Я думаю, что это месть. Это изощренное издевательство, когда художник, завлекая читателя или зрителя своим мастерством, в конце концов оставляет последнего размышлять над его собственным портретом, и удаляется, ликуя.

Джонатан Свифт даже для своей могилы сочинил эпитафию: «Здесь лежит Свифт, сердце которого уже не надрывается больше от горького презрения».

Вспомним блестящие гоголевские «Мертвые души». Вспомним Чехова с его произведениями, написанными, по его же словам «наотмашь».

Но ни один из писателей, с моей точки зрения, не достиг такого изощренного мастерства в издевательстве над читающей публикой, как Достоевский. Как красиво он отомстил обществу за все годы «унижений и оскорблений». Разрушая рамки понятий добра и зла, лишая читателя привычных ориентиров этики и морали, он был изощренно жесток, ибо он не был Христом и не разрушал храм старой веры для создания храма новой веры. Разрушая храм старой веры, он оставляет читателя перед абсолютным Ничто, и ужас твари, осознавшей свою бессмысленность, липким холодным туманом обвалакивает мозг читателя.

Жажда мести – один из мощнейших, часто неосознаваемых, мотивов, определяющих содержание креативной деятельности.

Не чужды этому чувству и ученые. Только они используют для этих целей другие средства. Что, если не нелюбовь к людям, может двигать ученым, который подходит к деревянному идолу – объекту столетней любви и поклонения многих поколений, стучит по нему своим пальцем, измеряет своей линейкой и циркулем, берет вещество на анализ, после чего с нескрываемым удовлетворением заявляет недоумевающей толпе, что перед ними всего лишь бывшее полено, которому кто–то топором придал человеческие черты и красной краской нарисовал большой и жадный рот.
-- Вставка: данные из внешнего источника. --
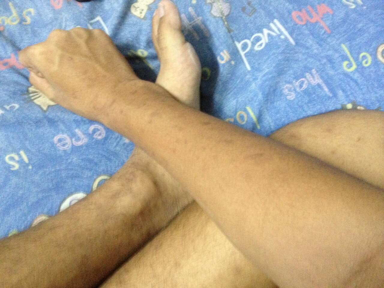 ผมมีอาการน้ำเหลืองไม่ดี(ไม่รู้ว่าเรียกว่ายังงี้รึเปล่า)แต่ผมไม่มีอาการหรือโรคทางผิวหนังใดๆทั้งสิ้น และตอนเด็กๆผมเป็นเด็กที่ซุกซนมากๆอยู่นิ่งไม่ได้ไฮเปอร์ก็ไม่ผิดนัก และตอนนั้นมันคันมากโดนยุงกัด,โดนฝุ่นเล็กๆน้อยๆ,ไหมหรือขนต่างๆแค่นิดเดียวก็คันหูดับตับไหม้ซะแล้ว ด้วยต่อนั้นผมเป็นเด็กที่ไม่ค่อยมีความอดทนผมก็เกาๆๆๆ แม่ห้ามก็ไม่ฟัง เกาจนกว่าจะหายคัน มันก็เลยเป็นแบบนี้บวกกับผมที่เป็นโรคภูมิแพ้ด้วยรึเปล่าก็ไม่ทราบ ทุกวันนี้ก็ยังมีคันอยู่ครับแต่นิดๆหน่อยๆแผลใหม่เกิดขึ้นมาบ้างเล็กน้อย อีกอย่างคือมันจะชอบมีแผลใหม่เกิดขึ้นมาโดยที่ผมไม่รู้ว่ามันมายังไง ลักษณะเหมือนแผลถลอก อีกอย่าที่ผมกลุ่มใจสุดๆคือตอนเด็กผมเป็นเด็กผิวขาวก็คือคนผิวขาวเนี่ยแหละครับแต่ที่ผมผิวคล้ำ+ผิวสองสีมันมีที่มาครับ ทุกๆซัมเมอร์พอผมจะพาไปฟาร์มปลาของแกอยู่ที่อยุธยา ผมไปใช้ชีวิตอยู่ที่ตลอด3เดือน (กลับเสาร์อาทิตย์) ผมจะต้องออกไปช่วยพ่อประจำแล้วแดดที่นั่นมันแรงมาก บวกกับผมที่ไม่ค่อยดูแลเนื้อดูแลตัวในตอนนั้นทำผมเป็นเด็กผิวคล้ำไปเลยคงจะบวกกับการที่ผมไปว่ายน้ำอยู่ช่วงหนึ่งแล้วมันก็ดำเพราะคลอรีน(สระที่ผมไปมันสกปรกมาก แนะนำอยากไปเลยครับ ไม่ขอเอ่ยชื่อแต่อยู่แถวราชดำเนิน-นางเลิ้งเป็นสโมสรของสถานที่ราชการแห่งหนึ่ง)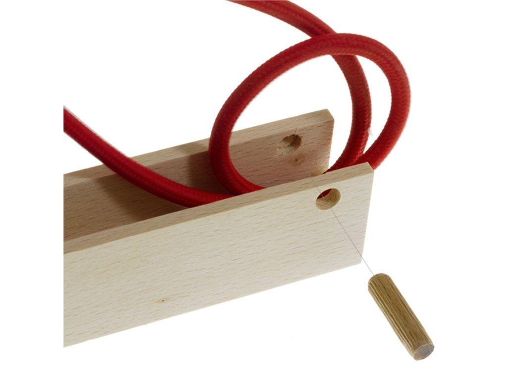 Pinocchio nie je len nástenný držiak: je to riešenie Creative-Cables na zavesenie akejkoľvek lampy s úpravou vzdialenosti od steny. Pinocchio bol navrhnutý tak, aby umožňoval priechod lámp, ktoré sú už zapojené: kábel nemusí prechádzať otvormi, ale je navinutý okolo vrúbkovaných drevených podpier, ktoré sú vložené na oboch koncoch.

Я уверен, что все великие ученые, чьи открытия перевернули устоявшиеся представления о мире, испытывали в этот момент чувство глубокого удовлетворения и злорадства. Выготский Л. С. приводит одно из писем Дарвина, в котором последний пишет, что ему было очень важно «показать, что чувства человека, которые считались «святая святых» человеческой души, имеют животное происхождение, как и весь человек в целом» (33).

10

Итак, когда мы рассматриваем феномен креативной личности, мы обнаруживаем избыточную психическую энергию у индивида, достигшего своей биологической зрелости; психическую энергию, имеющую прежде всего не качественное, а количественное, да и то лишь в онтогенетическом плане отличие от той, которой обладает примитивная личность.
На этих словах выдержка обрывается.